START Provided entries
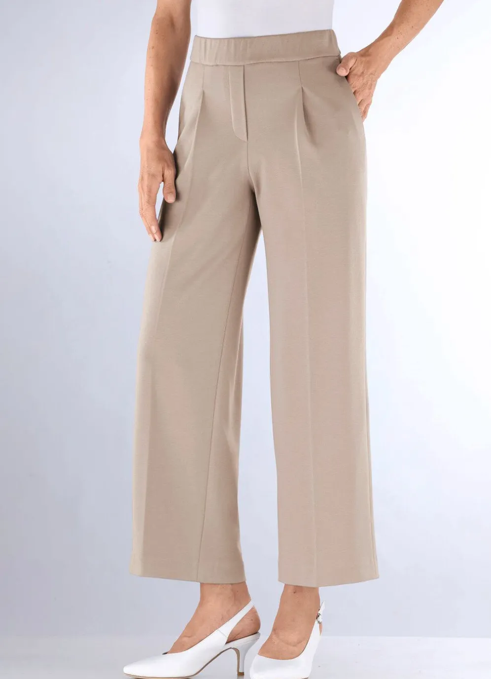 Fabelhafte, knöchellange Hose mit luftig weitem Bein: Schlupfform, glatt anliegend dank der innenliegenden Gummibund-Einlage, Reißverschluss-Zierblende, Seitentaschen sowie Bundfalten. Innenbeinlänge ca. 71 cm, Fußweite ab 58 cm.
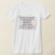 My overall review is that the T-shirt is nice, it fits true to size however the font is significantly smaller than advertised and you can't read it. The printing is unreadable and there is a strain to read it. It does not look like the advertised product. Maybe the shirt color is darker or a larger more visible font should have been used. Photos with and without flash and font is barely legible.
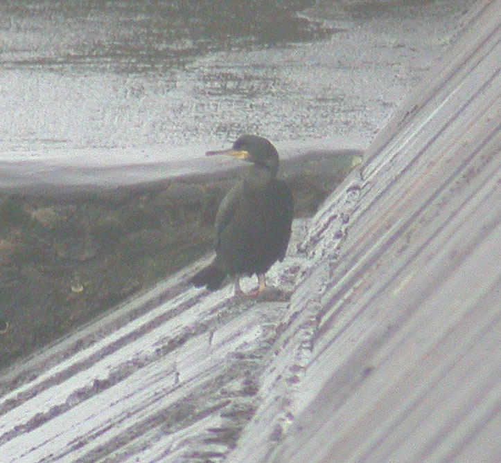 Billedet er taget i skygge, så det er ikke det skarpeste, men topskarven har grønt øje, lys strube og meget gule ben, som indikerer en yngre fugl.
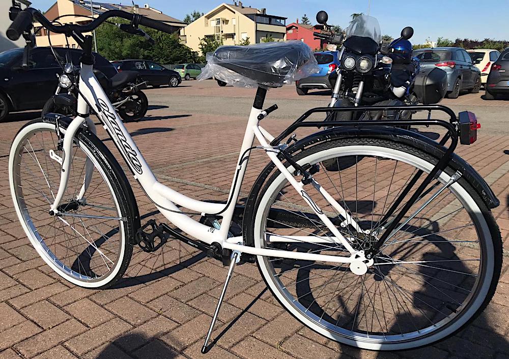 city bike da donna, telaio bianco con scritta OLANDA in nero e bianco, parafanghi neri, portapacchi posteriore nero, cavalletto, gomme nere con striscia bianca
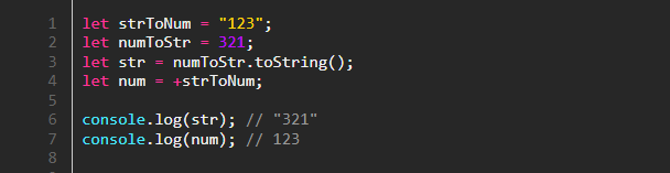 또 다른 명시적인 변환 방법으로는 문자열의 경우 .toString() 을 이용하는 방법, 숫자의 경우 + 연산자를 이용한 방법이 있습니다.
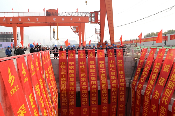 陽春三月生機勃發,奮斗一號掘進始發。3月31日上午,公司首臺盾構機“奮斗一號”在軌道交通4號線1標長寧大道站順利始發,標志著合肥軌道交通4號線正式進入盾構施工階段。合肥市軌道公司總經理羅斌,安徽建工集團副總經理王厚良,公司董事長、黨委書記、總經理孫學軍等領導和參建單位代表出席始發儀式。10時16分,羅斌宣布“奮斗一號”正式始發。儀式結束后,與會領導與專家深入始發現場、管片存放區檢查指導。
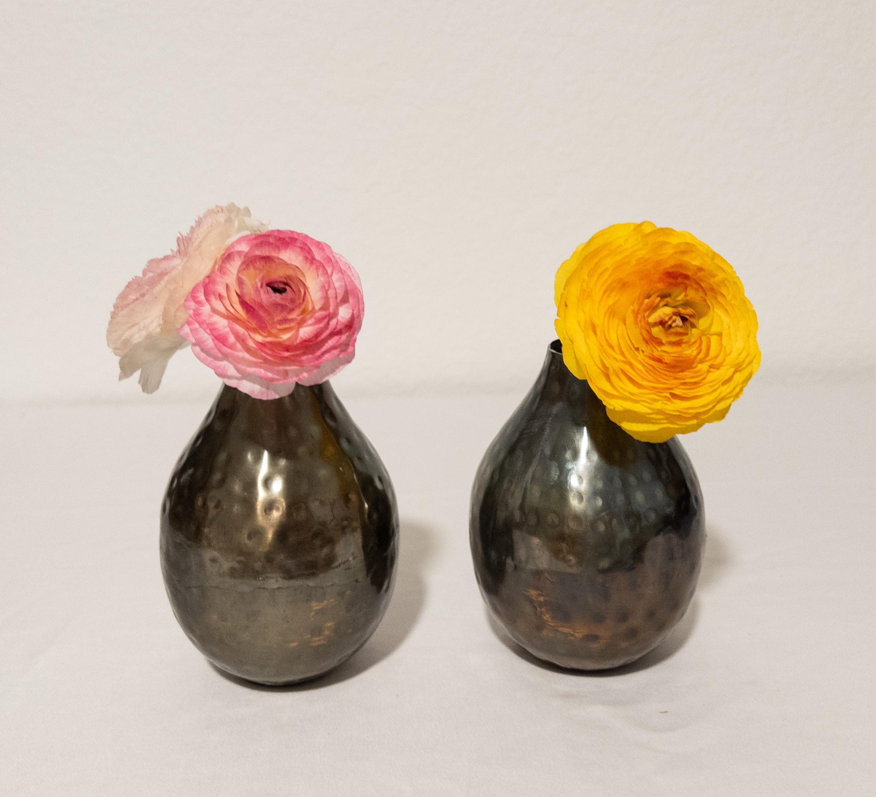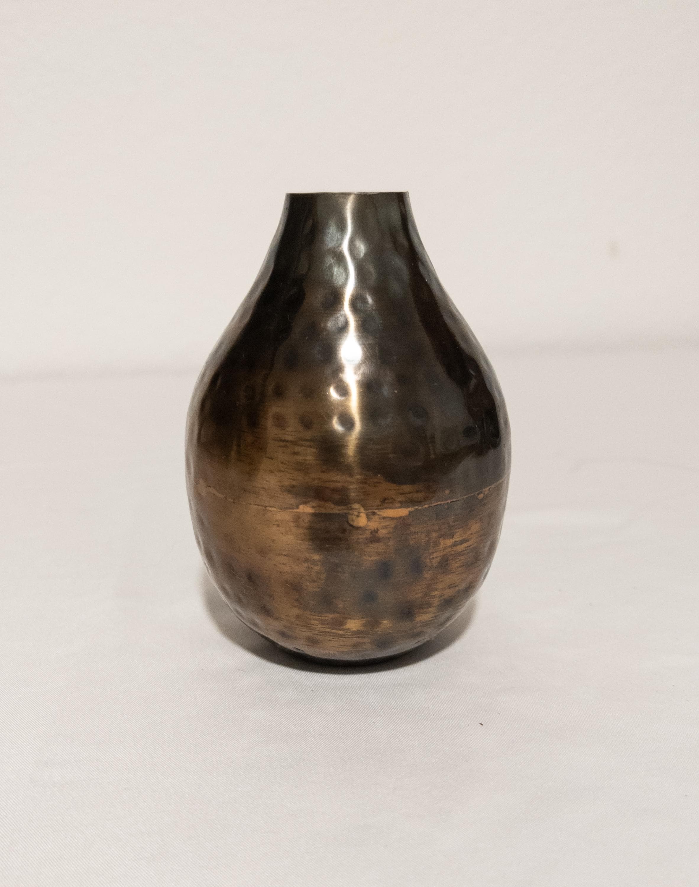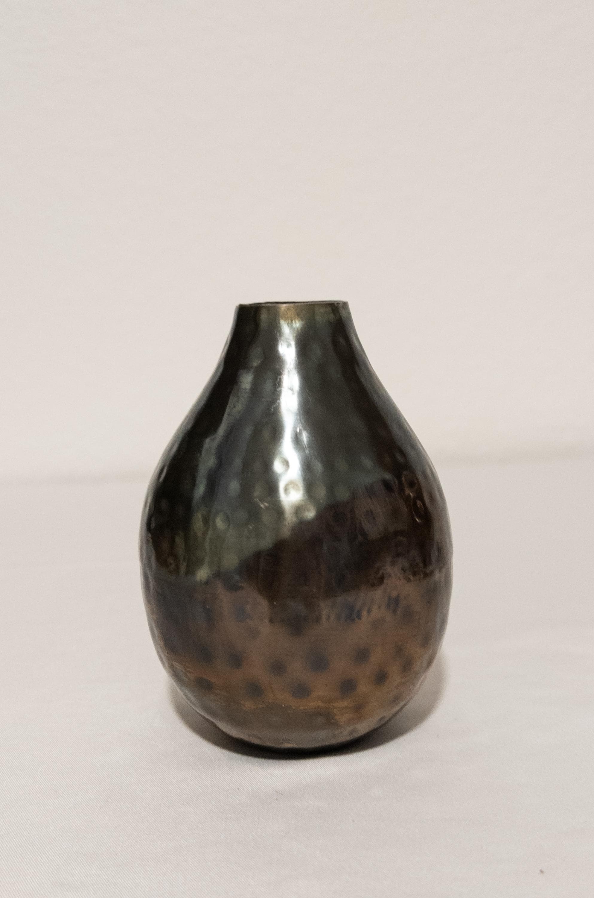Moody, warm, and beautifully textural — this hammered metal bud vase features a softly rounded bottle silhouette with an antiqued bronze finish and subtle dimpled detailing.
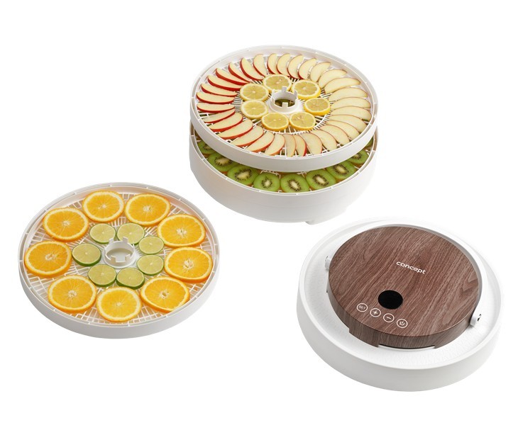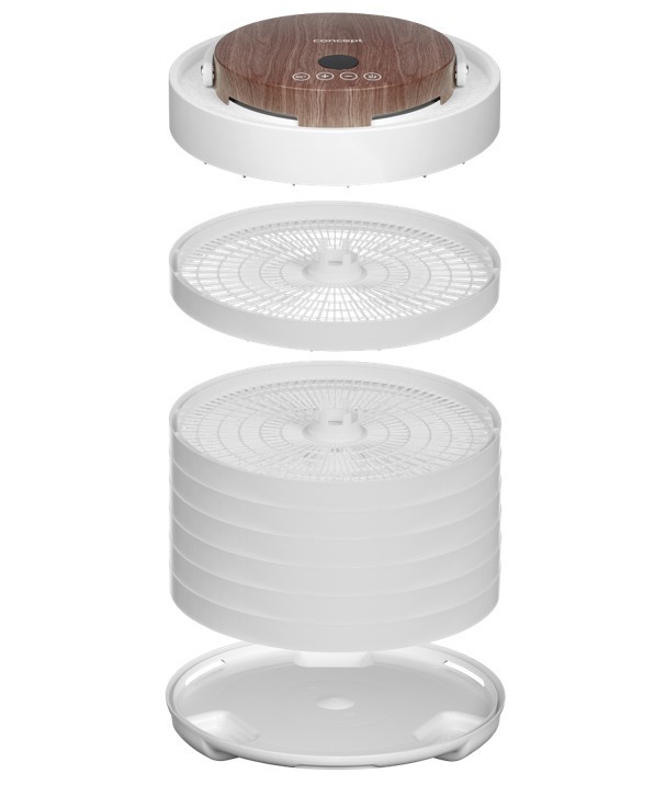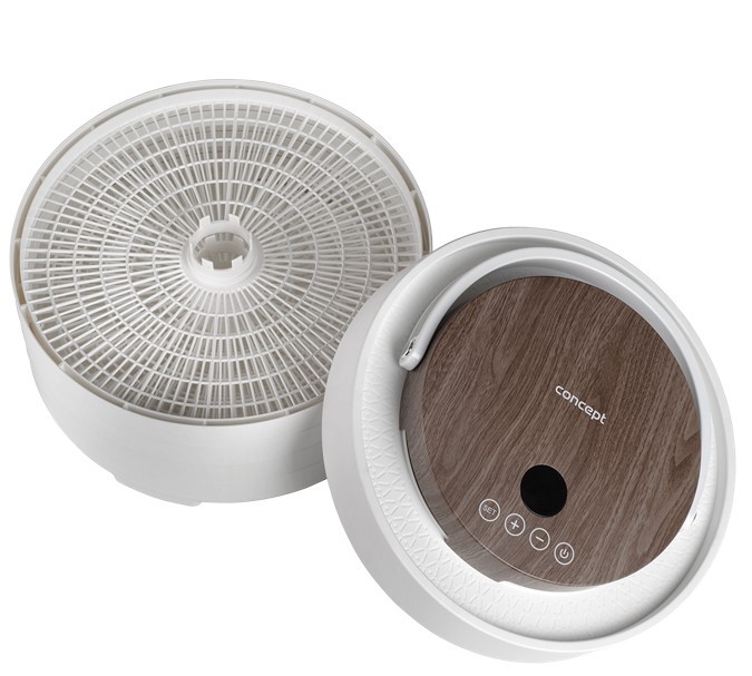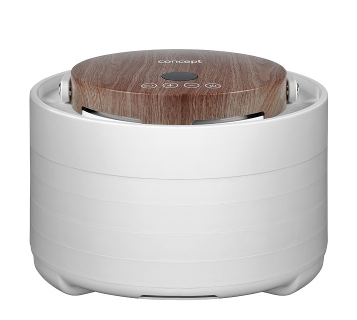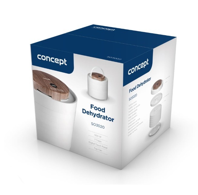 Innovative Design with Motor in the Lid The Concept SO3020 food dehydrator impresses with its modern design, featuring a lid with an elegant wood finish and a practical handle for easy handling. It offers 7 drying trays and an intelligent design solution, with the motor located directly in the lid. This placement protects it from damage caused by dripping juice or food particles that may fall during drying. Its stylish appearance combined with practical details makes the dehydrator not only functional but also an aesthetically pleasing appliance in any kitchen. Even Drying During drying, hot air flows through the openings in each tray from top to bottom and is distributed throughout the interior of the dehydrator by the fan. This ensures the SO3020 model provides even drying on all levels. Healthy Food Preservation Year-Round Drying is one of the gentlest methods of food preservation, retaining valuable vitamins and minerals. It is also a year-round method that allows you to easily process fruits, vegetables, mushrooms, herbs, flowers, or pasta. The dehydrator also helps prepare tasty treats for pets and RAW dishes that are not exposed to temperatures above 42 °C. Intuitive Touch Control with Temperature and Time Settings The SO3020 dehydrator features intuitive digital touch controls with a clear display. It allows easy setting of the temperature from 35 to 70 °C and selection of drying time via the timer. At the end of the process, an audible signal sounds, and the dehydrator automatically turns off. Sieves / trays: 7 Power: 5 Strainer diameter: 3 Dimensions: 33 x 34 x 34 cm Other features: Adjustable drying temperature: 35-70°C (in 1°C increments) Timer: 10minutes – 48hours (in 10minute increments) Noise level:
END Provided entries
== Problem to work on ==
Provide an exact copy of the records, excluding every picture.

== Response for this exercise ==
 Fabelhafte, knöchellange Hose mit luftig weitem Bein: Schlupfform, glatt anliegend dank der innenliegenden Gummibund-Einlage, Reißverschluss-Zierblende, Seitentaschen sowie Bundfalten. Innenbeinlänge ca. 71 cm, Fußweite ab 58 cm.
 My overall review is that the T-shirt is nice, it fits true to size however the font is significantly smaller than advertised and you can't read it. The printing is unreadable and there is a strain to read it. It does not look like the advertised product. Maybe the shirt color is darker or a larger more visible font should have been used. Photos with and without flash and font is barely legible.
 Billedet er taget i skygge, så det er ikke det skarpeste, men topskarven har grønt øje, lys strube og meget gule ben, som indikerer en yngre fugl.
 city bike da donna, telaio bianco con scritta OLANDA in nero e bianco, parafanghi neri, portapacchi posteriore nero, cavalletto, gomme nere con striscia bianca
 또 다른 명시적인 변환 방법으로는 문자열의 경우 .toString() 을 이용하는 방법, 숫자의 경우 + 연산자를 이용한 방법이 있습니다.
 陽春三月生機勃發,奮斗一號掘進始發。3月31日上午,公司首臺盾構機“奮斗一號”在軌道交通4號線1標長寧大道站順利始發,標志著合肥軌道交通4號線正式進入盾構施工階段。合肥市軌道公司總經理羅斌,安徽建工集團副總經理王厚良,公司董事長、黨委書記、總經理孫學軍等領導和參建單位代表出席始發儀式。10時16分,羅斌宣布“奮斗一號”正式始發。儀式結束后,與會領導與專家深入始發現場、管片存放區檢查指導。
Moody, warm, and beautifully textural — this hammered metal bud vase features a softly rounded bottle silhouette with an antiqued bronze finish and subtle dimpled detailing.
 Innovative Design with Motor in the Lid The Concept SO3020 food dehydrator impresses with its modern design, featuring a lid with an elegant wood finish and a practical handle for easy handling. It offers 7 drying trays and an intelligent design solution, with the motor located directly in the lid. This placement protects it from damage caused by dripping juice or food particles that may fall during drying. Its stylish appearance combined with practical details makes the dehydrator not only functional but also an aesthetically pleasing appliance in any kitchen. Even Drying During drying, hot air flows through the openings in each tray from top to bottom and is distributed throughout the interior of the dehydrator by the fan. This ensures the SO3020 model provides even drying on all levels. Healthy Food Preservation Year-Round Drying is one of the gentlest methods of food preservation, retaining valuable vitamins and minerals. It is also a year-round method that allows you to easily process fruits, vegetables, mushrooms, herbs, flowers, or pasta. The dehydrator also helps prepare tasty treats for pets and RAW dishes that are not exposed to temperatures above 42 °C. Intuitive Touch Control with Temperature and Time Settings The SO3020 dehydrator features intuitive digital touch controls with a clear display. It allows easy setting of the temperature from 35 to 70 °C and selection of drying time via the timer. At the end of the process, an audible signal sounds, and the dehydrator automatically turns off. Sieves / trays: 7 Power: 5 Strainer diameter: 3 Dimensions: 33 x 34 x 34 cm Other features: Adjustable drying temperature: 35-70°C (in 1°C increments) Timer: 10minutes – 48hours (in 10minute increments) Noise level:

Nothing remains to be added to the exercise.